Di perusahaan di tempat saya bekerja, saya terkadang merasa
tertekan di mana atasan saya selalu menganggap saya sebagai budaknya
dan segala hasil kerja keras saya selalu di ambil creditnya untuk
atasannya lagi. Terkadang sebagai wanita kita juga sering di lecehkan
(tidak secara sexual dalam case saya) tetapi dalam arti batas kemampuan
kita, kelemahan dan lain sebagainya. Saya mengerti di dunia ini dan
sudah menjadi kenyataan ada kecenderungan pria dianggap sebagai manusia
yang lebih dalam segala hal sehingga segala sesuatunya akan lebih baik
bila pria yang mengerjakannya sehingga mendapatkan kedudukan yang lebih
tinggi.
Oleh karena hal tersebut di atas saya berkesimpulan bahwa sebab
sebab dari kesukaan saya untuk menjadi seorang Domina dalam fantasi
permainan sex ini mungkin berawal dari ketidak puasan saya dengan
kejadian kejadian dan situasi di tempat kerja saya tersebut. Permainan
fantasi sex ini seakan membalaskan dendam saya terhadap ketidak puasan
dan keadaan di tempat saya bekerja sehingga secara kejiwaan saya bisa
menjadi sangat menikmati dan puas bila dapat melihat seorang pria tidak
berdaya dan menurut atas kemauan saya apalagi ketidak berdayaannya itu
dilakukannya sendiri dengan sukarela dan senang hati.
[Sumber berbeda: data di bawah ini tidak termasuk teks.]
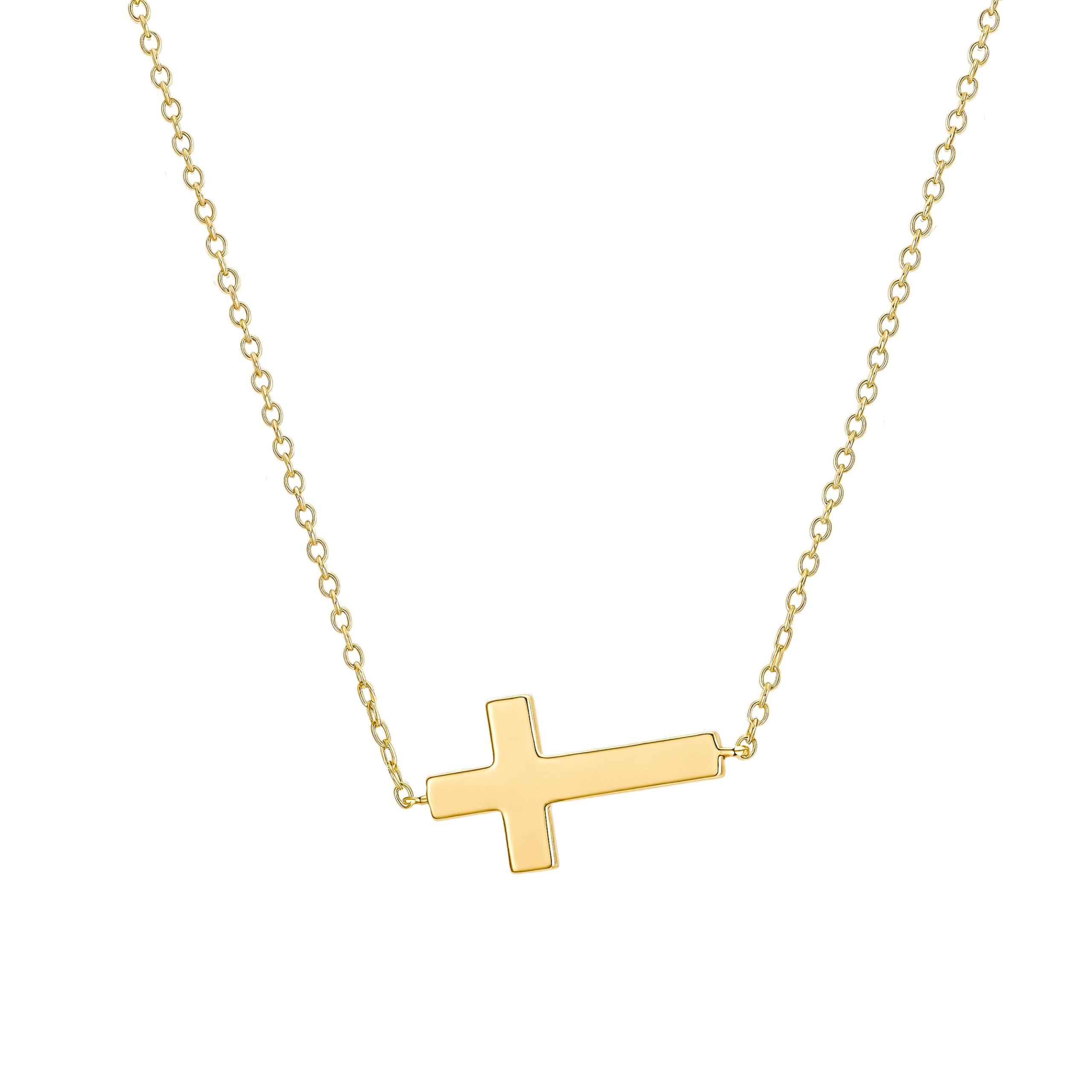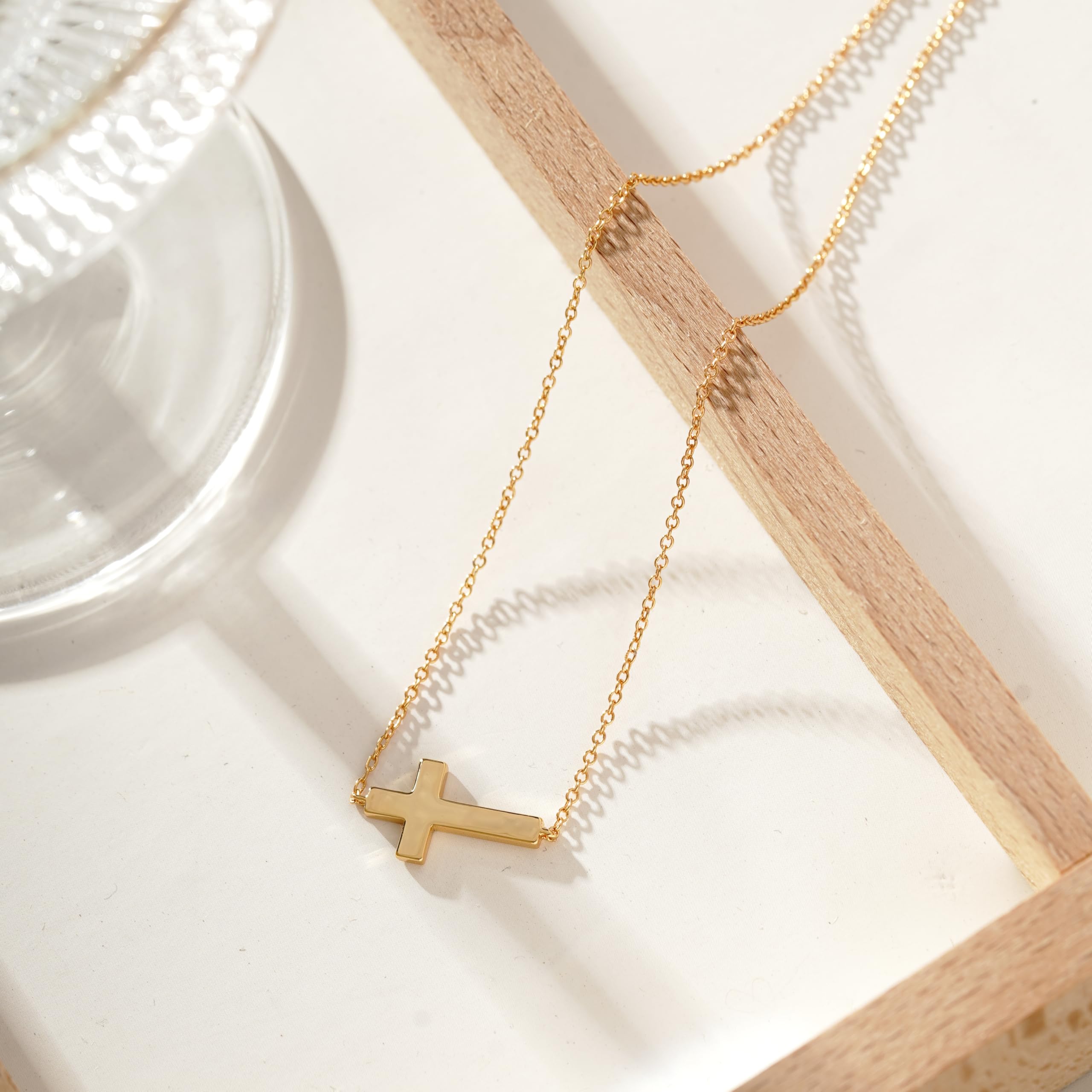 gold sideways cross necklace dainty faith pendant minimalist jewelry women’s 18k gold necklace adjustable layering hypoallergenic gift spiritual jewelry

Pertanyaan pertanyaan dari para pembaca yang menanyakan akan sebab
dari kesukaan saya ini semoga bisa dengan jelas terjawab dalam
penjelasannya yang saya ungkapkan dengan sejujur jujurnya diatas.
Mungkin cukup penjelasan saya mengenai back ground dari kesukaan
saya ini, kali ini saya ingin menceritakan pengalaman saya dengan
seorang pria yang kebetulan juga cocok dengan fantasi saya dan juga
cocok selera dengan saya dari segi fisik maupun sifatnya.
Seleksi dan Recruitment
Pertemuan saya dengan budak cowok saya yang baru ini berawal dari
email. Setelah pemuatan cerita saya yang berjudul "Pemijat Submissive",
banyak sekali cowok yang berkirim surat kepada saya untuk meminta
dijadikan budaknya. Namun dari sekian banyak email saya memilih
beberapa saja yang saya balas, tentunya dari balasan yang ada saya juga
menyeleksi ulang lagi cowok-cowok yang mendaftar untuk menjadi budak
saya.
Kriteria pemilihan saya terutama adalah orang yang intelegent, open
minded dan tentunya benar benar menghayati perannya sebagai seorang
budak. Kemudian saya juga memeriksa background orang tersebut dari segi
materi, kebersihan dan status perkawinan. Saya sengaja mencari orang
yang status sosialnya cukup tinggi, sudah kawin dan cukup mapan,
pertimbangan ini saya pilih untuk menghindari masalah privacy saya di
dunia luar, karena saya juga yakin seorang dengan kriteria yang tadi
juga ingin rahasia jati dirinya di jaga sehingga kami bisa saling
menjaga privacy.
Dari proses penyaringan tersebut akhirnya saya memilih satu
kandidat yang saya pikir cukup memadai, namanya Anwar. Dia adalah
seorang Chinese yang cukup mapan, berasal dari keluarga yang terhormat,
sudah kawin dan berusia 32 tahun. Setelah kurang lebih 1 bulan kami
saling mengenal diri melalui telepon dan email akhirnya saya merasa
sudah cukup comfortable untuk bertemu langsung dengan dia.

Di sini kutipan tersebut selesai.